副作用は少なく、皮膚が赤くなったり日焼けのように多少黒くなったりしますが、早期に回復します。

前立腺がん

限局性前立腺がんは放射線治療の良い適応です。手術と放射線治療は同様の成績で、どちらを行うかはご本人の選択次第といえますが、手術ができない方にも放射線治療は適しています。ただし現在のところ、37回ほど通っていただくことが必要です。最近では5回ほどで行う方法もあります。まだ歴史は浅いですが、前立腺がんの放射線治療は欧米では一般的です。当院でも実施いたします。

肺がん

リンパ節転移のない4センチまでの肺がん(非症細胞肺がん)に対しては体幹部定位放射線治療をおこないます。手術とどちらが良いかはまだわかっておりませんが、体の負担が少ないことが特徴です。

リンパ節転移のある肺がんには、手術ができない場合に抗がん剤と併用した放射線治療(化学放射線治療)を行います。最近は、Ⅲ期非小細胞肺がんに対して免疫チェックポイント阻害剤と併用する化学放射線治療で、成績が著明に向上しています。

頭頸部がん

頭頸部がんに対しては化学放射線治療を行います。発声や嚥下の機能などを温存できることが利点です。腫瘍やリンパ節領域に一致させるような放射線治療(IMRT)で、唾液腺機能低下などの副作用が軽減できます。

食道がん

食道がんは手術が行われることも多いですが、放射線治療もほぼ同等の成績が得られます。化学療法が困難な方には放射線単独で使用することもありますが、できる限り化学放射線治療を行います。食道を温存し、QOL(生活の質)が改善することが利点です。

悪性リンパ腫

悪性リンパ腫は放射線感受性が高く、比較的少ない線量でも効果があります。化学療法も大変効果がありますが、残った場合などに使用します。

婦人科腫瘍(子宮がん等)

子宮頸がん治療は日本では手術も多いですが、欧米ではむしろ放射線治療が主体です。治療成績は同等で副作用は少ないといえます。腔内照射という特殊な治療の併用が原則で、他施設と連携して行います。

脳腫瘍

脳腫瘍は大変種類が多いですが、その中で頻度の高い神経膠腫に対しては30回ほどで治療します。高齢者の場合には10回で治療することもあります。

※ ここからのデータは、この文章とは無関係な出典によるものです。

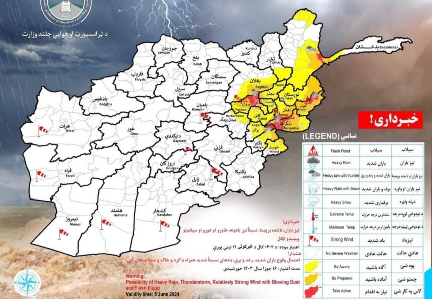 خبرگزاری راسک: ریاست هواشناسی وزارت هوانوردی و ترانسپورت گروه طالبان اعلام کرد که احتمال بارندگی‌ شدید همراه با سیلاب‌ و هم‌چنان وزش بادهای تند در ۱۵ استان کشور وجود دارد.
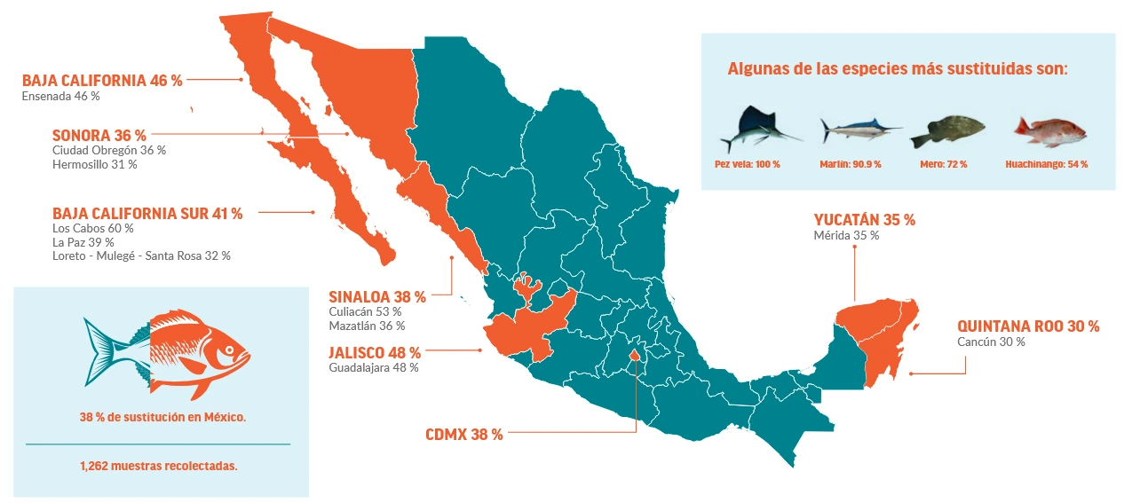 Entre las especies más sustituidas destaca el pez vela (100%), marlin (91%), sierra (82%), pez loro (68%) y huachinango (54%).
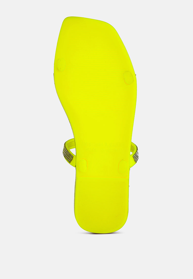 Water-resistant soft jelly flats with beautiful sparkling diamante detail studs along with the straps and edges. The casual, comfy streetwear flats look gorgeous on the feet.
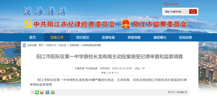 据漠海扬清2024年10月25日消息,阳江市阳东区第一中学原校长龙有南涉嫌严重违纪违法,主动投案,目前正接受阳江市阳东区纪委监委纪律审查和监察调查。
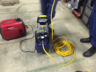 エアコンプレッサーの動力は、使用訓練も兼ねて発電機を使用しました。
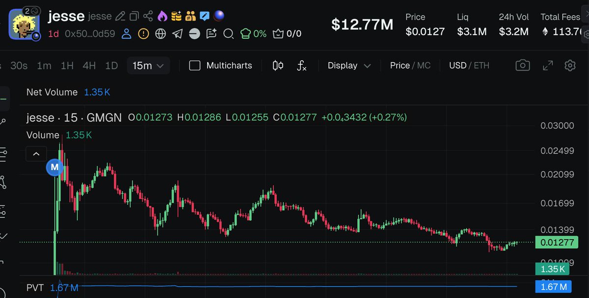 Base 链总教头 @jessepollak 死命喊单的同名meme 币 $jesse 不出意外地走出了老奶奶下楼梯的走势,韭菜自我觉醒,已经开始不愿意买账了。 Jesse 透支自己的信誉,为 @base 链创造了单日60万美元的手续费收入。无论是此前喊单NFT,喊单meme 币,还是现在以自己名义公开发币,都是Jesse 全力助力 @base 链攫取手续费的一环。 Base 印钞机哔哔哔暴力运转,Jesse 过上了Base 人生。 而你,我的朋友,也过上了 $jesse 人生。
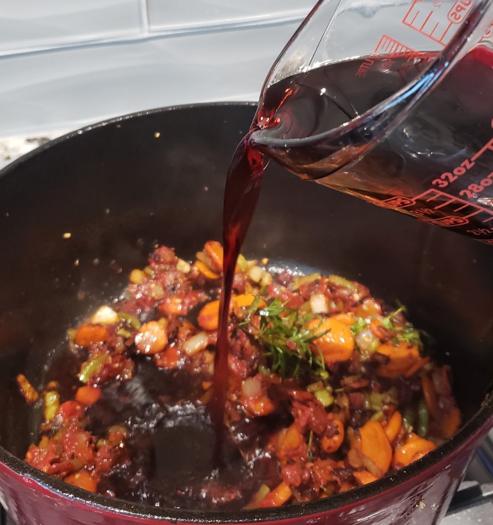 Step seven: Pour in two cups of wine. For me it boils almost immediately so I turn it down a bit and let it vigorously simmer till the wine is reduced by half.
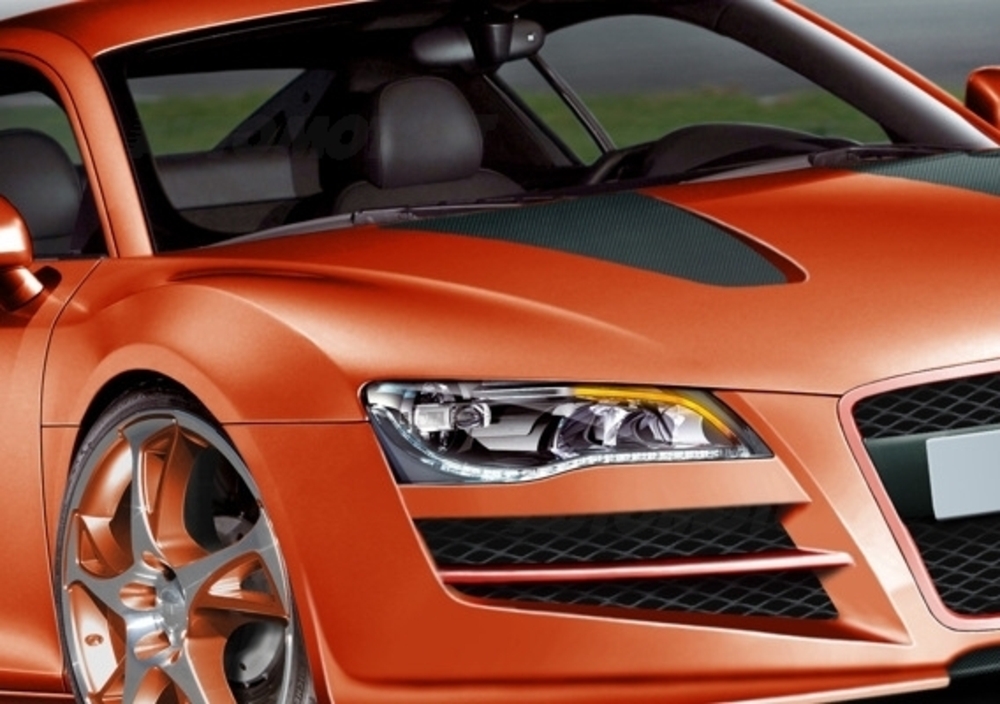 Ma andiamo con ordine e partiamo dal kit aerodinamico che prevede un completo rifacimento di paraurti anteriori e posteriori, ma anche un nuovo cofano anteriore e delle minigonne dal profilo piuttosto marcato. Si tratta di elementi pensati per rendere ancor più aggressivo l'aspetto della R8, ma che non sembrano appesantirne troppo la Silhouette...anzi: il nuovo andamento delle prese d'aria anteriori, più ampie e protette da una evidente griglia, ha permesso di non stravolgere la calandra single frame, mentre l'introduzione di un inedito quanto "massiccio" estrattore d'aria posteriore ha portato ad un completo restyling del fascione, il quale ora ospita i quattro tubi di scarico in posizione sovrapposta/diagonale.

また、再発などに対して頭部定位放射線治療を行うことがあります。

肝がん

肝細胞がんは放射線感受性の比較的高い腫瘍です。高精度放射線治療の技術で照射します。日本ではまだあまり普及していませんが、非常に効果の高い治療と考えています。

膵臓がん、腎がん

膵臓がんは緩和的治療として放射線を行うことが多くありましたが、小さな腫瘍には定位放射線治療を行うことで効果があります。呼吸移動によって腫瘍が動くため、呼吸同期照射などを行います。

腎臓がんはこれまで放射線感受性が低いと考えられていました。古い教科書では「腎臓がんは放射線治療の適用外」と記載のあるケースも見かけます。しかし、1回に大線量を投与する定位放射線治療ではかなり効果があることがわかってきました。そのため、手術のできない腎細胞がん等には定位放射線治療が行われます。腎機能はほぼ温存可能です。ミリ単位で照射するため、最新の技術である呼吸対策が必要です。

転移性腫瘍(脳・骨等)、その他悪性腫瘍

10個程度までの脳転移の場合は、定位放射線治療(X-ray Knife)の効果が高いです。ガンマナイフでも治療できますが、当院の場合は患者さんの負担が少ないことが特徴です。

体幹部の転移でも、原発巣が制御され、かつ3~4個程度までの転移の場合には、定位放射線治療で生存期間に対する効果があります。2020年4月より、5個までの転移に対して保険適用が始まりました。

骨転移の疼痛には1回の治療でも十分効果があります。外来でも治療が可能です。狭い範囲の椎体転移や、再照射などでも定位放射線治療が有効です。2020年4月より保険適用が始まりました。

ケロイドなど良性病変

放射線治療の対象は悪性病変がほとんどですが、ケロイド手術後に数回、少量の照射を行うことで成績が向上します。副作用はまずありません。